Date: 2003-05-26 12:15 am (UTC)
ext_8707: Taken in front of Carnegie Hall (excitable)
From: [identity profile] ronebofh.livejournal.com
Fact is, "blog" has evolved because it describes a discrete phenomenon that needs a name.
Horsecrap. What's wrong with "journal" or "diary"? Is the journal somehow special because it's online? No. It's just nerds being nerds for nerdness's sake. Please stop peeing in the lexical pool, `k thx.

Date: 2003-05-26 04:15 am (UTC)
ext_181967: (Default)
From: [identity profile] waider.livejournal.com
You want this: blog is a word coined by guys who think diaries are girly things.

It's a nice theory. It still won't make the word go away. So if you loose your hate of it, you should calm down momentarily. Then you can go visit a few web sights.

DIE ENGLISH DIE DIE DIE MUAHAHAHHA *cough* *wheeze*

Date: 2003-05-26 08:07 am (UTC)
From: [identity profile] zadcat.livejournal.com
What's wrong with "journal" or "diary"? Is the journal somehow special because it's online?

YES! Yes, it is. Because a blog isn't just writing, it's also links to other things and commentary on them. That's a function specific to the internet, and it's not the same thing as the teenage girl writing in her little blank book.

The Agonist, who worked about 20 hrs a day during the Iraq war,
gathering links from worldwide sources on events as they unfolded,
was "keeping a diary"? I don't think so. He was blogging. No other word for it.

Date: 2003-05-26 11:01 am (UTC)
ext_8707: Taken in front of Carnegie Hall (quiet)
From: [identity profile] ronebofh.livejournal.com
I don't think that either the interaction or the ability to add links warrant a new word; you can take the interaction away, and the links are just a feature of the medium.

The Agonist kept a public journal. Just like i am. People can refer to the activity with a fancy new name... but the fact remains that the fancy new name sucks and is superfluous.

Date: 2003-05-26 08:58 am (UTC)
From: [identity profile] jeff2001.livejournal.com
I tend to agree...I never cared for the term "blog". It's a dopey, burpy, even vomitous, word. If they'd come up with something else, I would've been quicker to adopt.

Now, televisor, I like a lot.

Date: 2003-05-26 10:45 am (UTC)
ext_8707: Taken in front of Carnegie Hall (evil)
From: [identity profile] ronebofh.livejournal.com
Hey, it's still around in Spanish.

Date: 2003-05-26 10:59 am (UTC)
From: [identity profile] jeff2001.livejournal.com
This I did not know! Hell, yet another reason why Spanish rules.

Date: 2003-05-26 09:06 am (UTC)
From: [identity profile] therobbergirl.livejournal.com
I don't know if "blog" is here to stay or not, but I don't think that "diary" or "journal" are suitable substitutions either.

A journal that a person keeps online and that does not involve interactions from people other than the author definitely is covered by "journal" or "diary". The fact that this online journal can contain links is irrelevant.
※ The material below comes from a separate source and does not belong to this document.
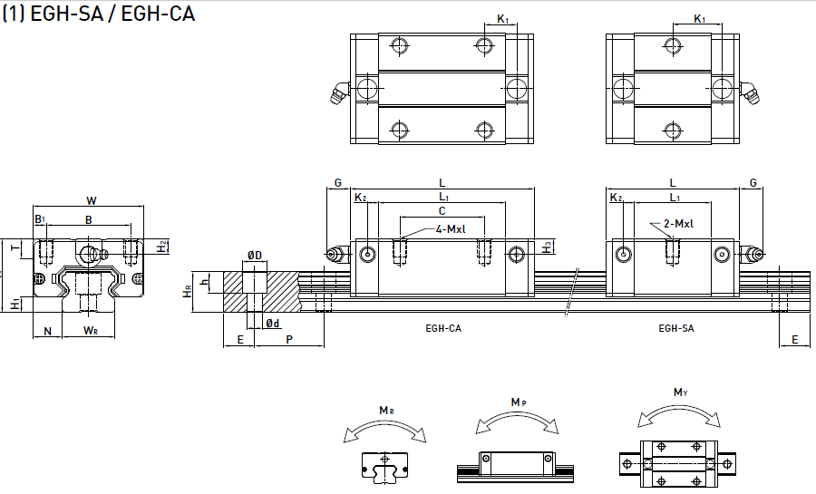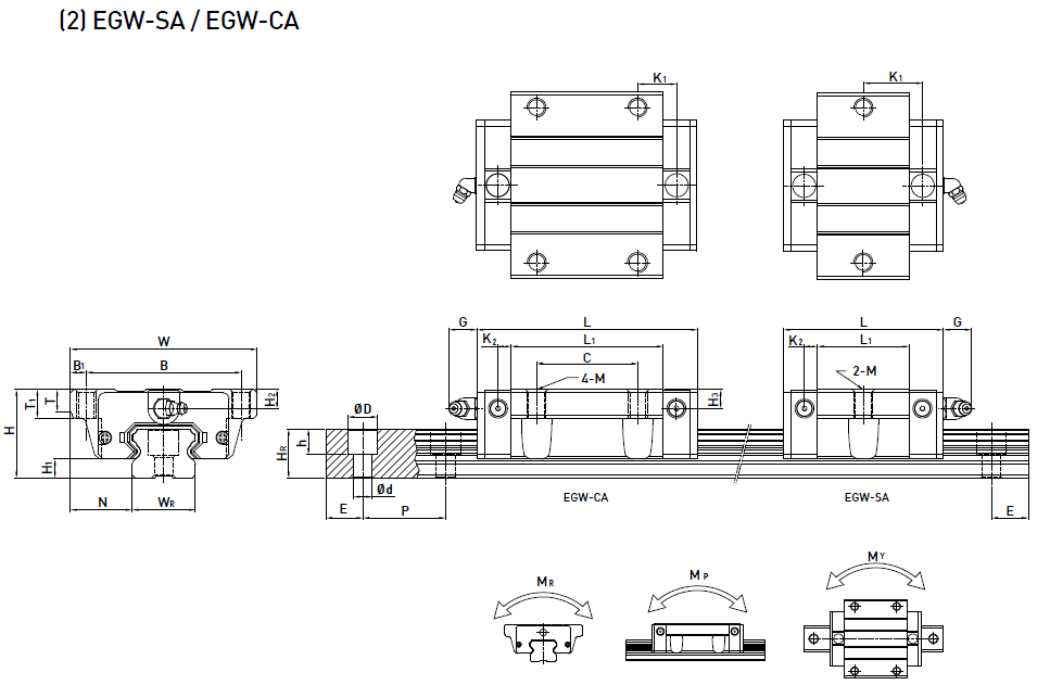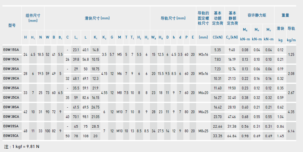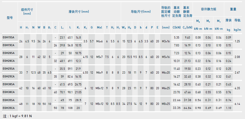 EG系列使用四列钢珠承受负荷设计,使其具备高刚性、高负荷的特性,同时具备四方向等负载特色、及自动调心的功能, 可吸收安装面的装配误差,得到高精度的诉求。 加上降低组合高度及缩短滑块长度,非常适合高速自动化产业机械及空间要求的小型设备使用。

With a trusty gluestick, I can add outside information like pictures, other people's essays, and articles to a paper journal. For that matter, I can even write down links to these things.

However, "blog" is more inclusive. Blogs are similar to online and paper journals except that they also include interactions from people other than the author.

I think that that difference is special enough that another word is warranted. Some words like "moblog" and "weblog" are destined to die alone and without fanfare. But "blog" itself has the potential to continue living. It might die, but I think its death will happen only if a better word comes along or if pretty much everyone gives up blogging.

In the first case, this new word needs to hurry up and come on the scene because "blog" has already entered mainstream vocabulary. My Perry-Como-listening father uses the word correctly and he still thinks that MTV only shows music videos. A new word is going to have a hard time erradicating the old word.

In the second case, the fad will fade, but blogs are sufficiently useful and engaging that they won't go away entirely. They'll just become yet another web-based tool and no longer be trendy.